Like what Falcon said "If SP wants to start their business, they will have to take the risks of doing business and not pass the buck to the consumers. So this issue of collecting deposits and all the other major inconveniences should be borne by the business owner and not pass to the consumers. Major business owners like SP have the necessary financial and legal clout to get justice easily."

eve+line said...

You say you have avenue to recover money, but you cannot specify what. Well I can, because my colleagues have attempted to recover debt before. It is a tedious, expensive process and even if the court issues orders, you may still not see your money.

The idea is not to go there in the first place. Hence the due diligence, deposits / banker's guarantee etc. But SP Services has no choice but to accept all customer applications. They cannot turn away credit-unworthy customers like most other businesses can.

Buying goods at a supermarket is a different thing. If you know a bit of contract law, the customer is not obliged to pay until he walks out of the supermarket. If he walks through the cashier for payment, the contract is completed.

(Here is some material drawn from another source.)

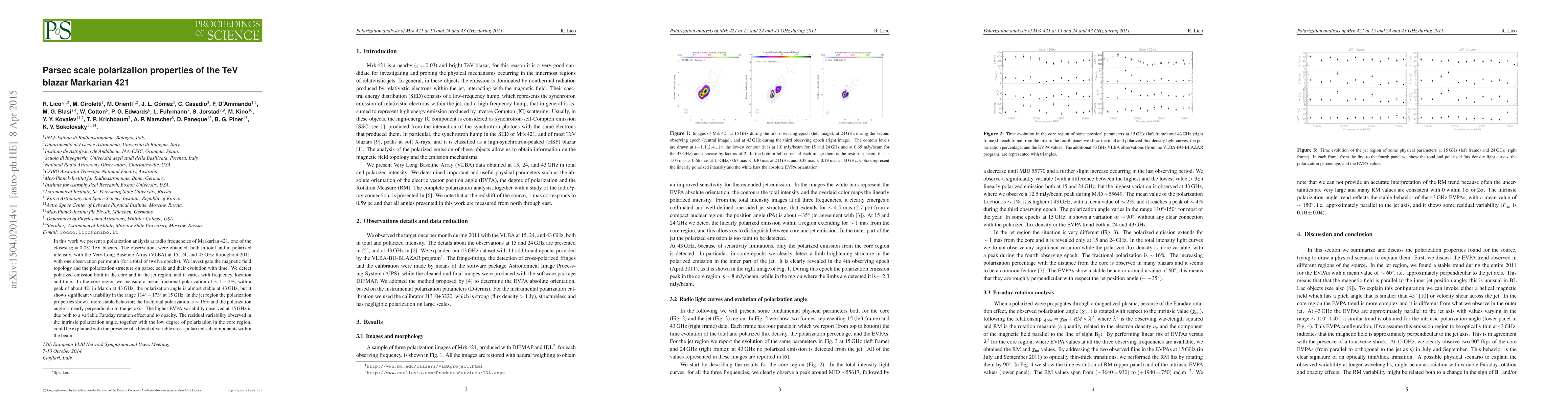 Researchers studied polarization properties of Markarian 421, a TeV blazar, using radio frequencies, finding variable polarization in the core and jet regions with distinct characteristics at different frequencies and locations.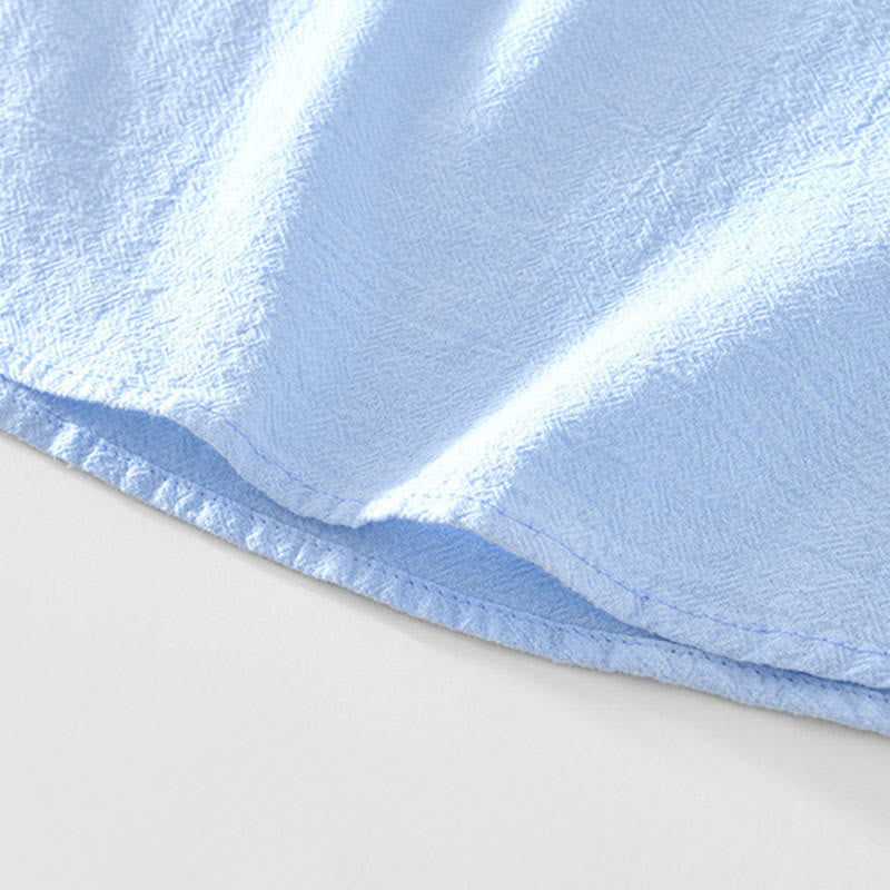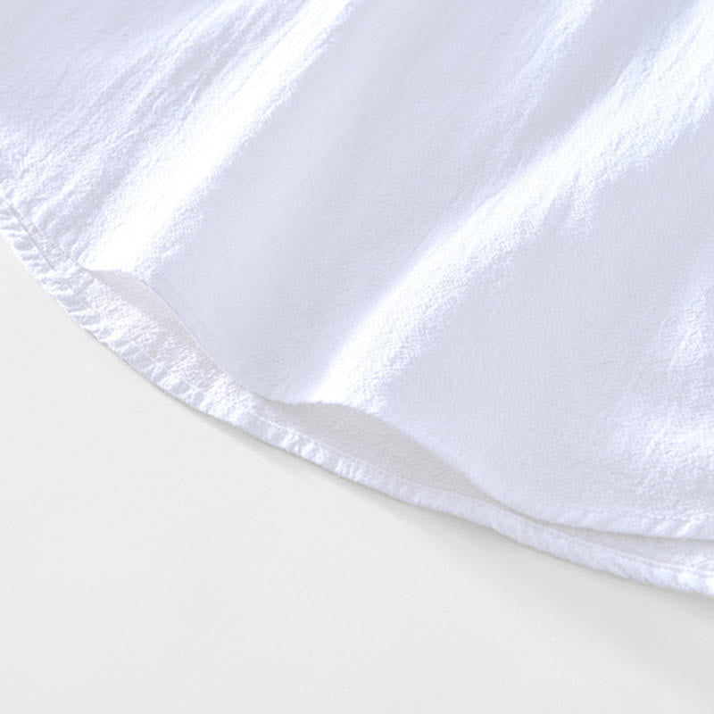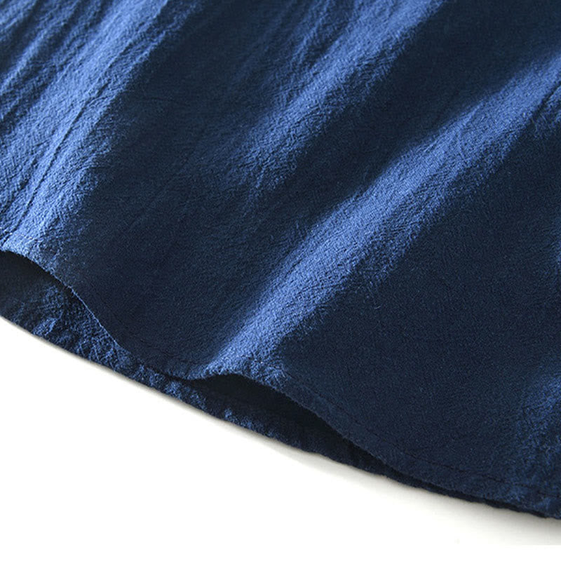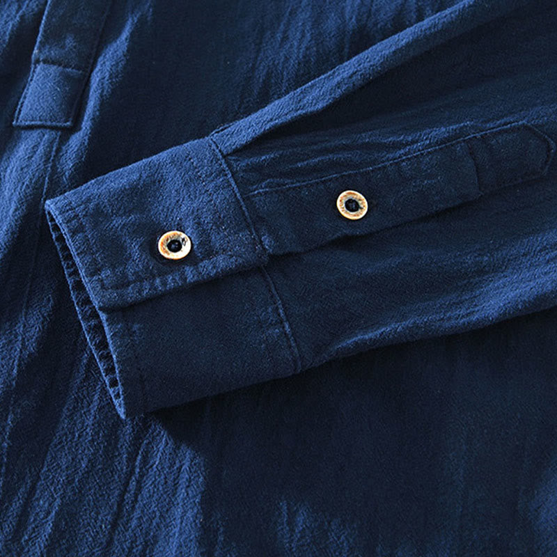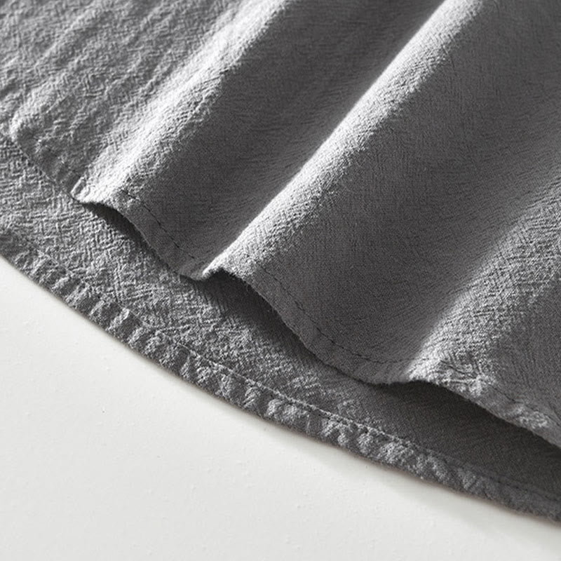 Buddha Stones Spring Fall Solid Long Sleeve Half Button Cotton Men's Shirts

If he attempts to walk out without paying, that's automatically classified theft and he is now subject to criminal proceedings.

A contractual relationship already exists between SP Services and the customer once the electricity supply is turned on. When electricity flows into the residence, the customer has already started owing money to SP Services. It's just that SP Services decides to bill the customer every month instead of every day or every week. Meanwhile, the customer enjoys "free electricity" or more accurately electricity on credit.

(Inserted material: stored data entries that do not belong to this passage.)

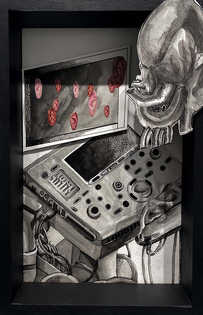 india ink, micron pen, and collage on watercolour paper, 17.5 x 11.5 x 3.5 inches, 2022 -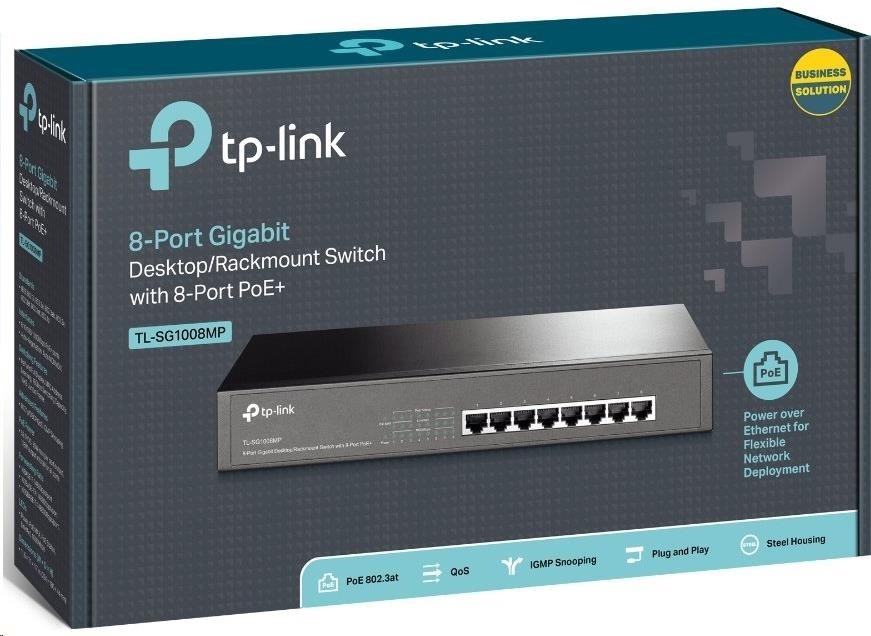 TL-SG1008MP je 8portový gigabitový stolní/rackový switch, přičemž všech 8 portů podporuje standard napájení PoE+. Zařízení představuje snadné řešení, jak rozšířit kabelovou síť, neboť umožňuje přenášet napájení i data pomocí jediného ethernetovém kabelu. S celkovým rozpočtem napájení 153 W, tzn. až 30 W na každý port, switch TL-SG1008MP dokáže napájet větší počet zařízení s vysokým odběrem, jako jsou přístupové body, IP kamery nebo IP telefony. Navíc s inovativní technologií úspory energie je switch TL-SG1008MP schopen snížit spotřebu energie, což z něj činí ekologické řešení pro vaši podnikovou síť.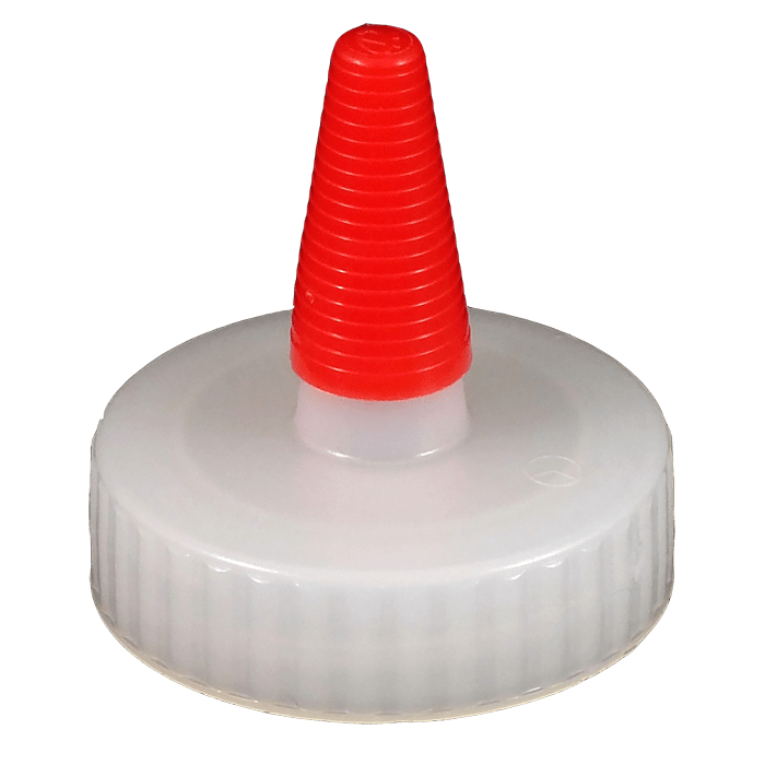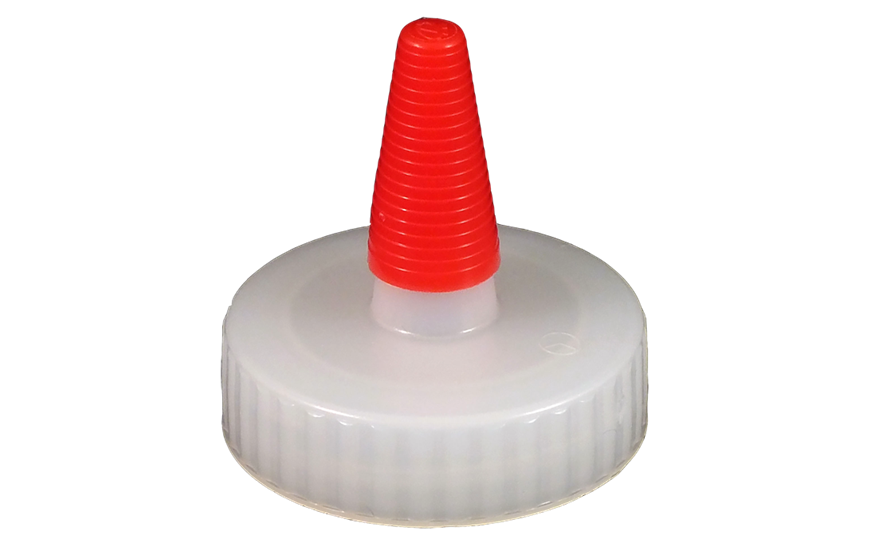 Kaufman Container provides a variety of plastic dispensing caps including yorker caps, disc top caps and spout caps. This 38-400 Natural LDPE Plastic Yorker cap contains no hole and the long red sealer tip is attached. We also stock the same cap with a .090 orifice and the regular red sealer tip (#6000135). Yorker spout caps are great for dispensing products such as condiments and used frequently in the crafting industry.

Risk management is part of doing business in Singapore. You expect SP Services to take on the risk, sure thing, pay for it. You will, either directly or indirectly. SP Services can buy insurance for instance. Then book the insurance as part of OPEX and recover it from revenue. Or start billing customers at shorter intervals, you receive a bill every week and immediately payable or risk electricity and water supply cut. How about that?

But to expect SP Services to waive deposits and do nothing to manage customer default risk is asking SP Services to do a very irresponsible thing. Who wants to do this kind of business?

Everybody wants to pass the buck and thinks that it can be done for free. So easy right?

captaincaveman said...

@ eve+line,

By avenue I mean through the judiciary system which I have already stated clearly in my earlier posting.

You seem to have some knowledge on contractual law, risk management and what have you. However, coming back to the issue of SP Services deposit for opening an account, it is clear that we have opposing view and that we will not be swayed easily from our views. It is normal for people to have different views on everything.

Lastly, I shall leave it to the readers to form their own opinion and better still if they could just make a simple posting here stating whether they are for or against the SP Services of requesting a deposit.

As it stands now it is 2 against (myself and Falcon) to 1 for (eve+line).

Wishing you a Merry Christmas and a Happy New Year!

Vlad said...

SP services requires that I make the deposit of $500. I think this is completely illegal issue. Why should I borrow $500 to that organisation for one year use without paying me the interest? Of course, they rotate millions by just collecting deposits. It's an illegal business in many normal countries. Why is it legal here in Singapore? Is it possible to judge them in court? Is there any law regulating this issue and giving the permission to the SP services to act as they do?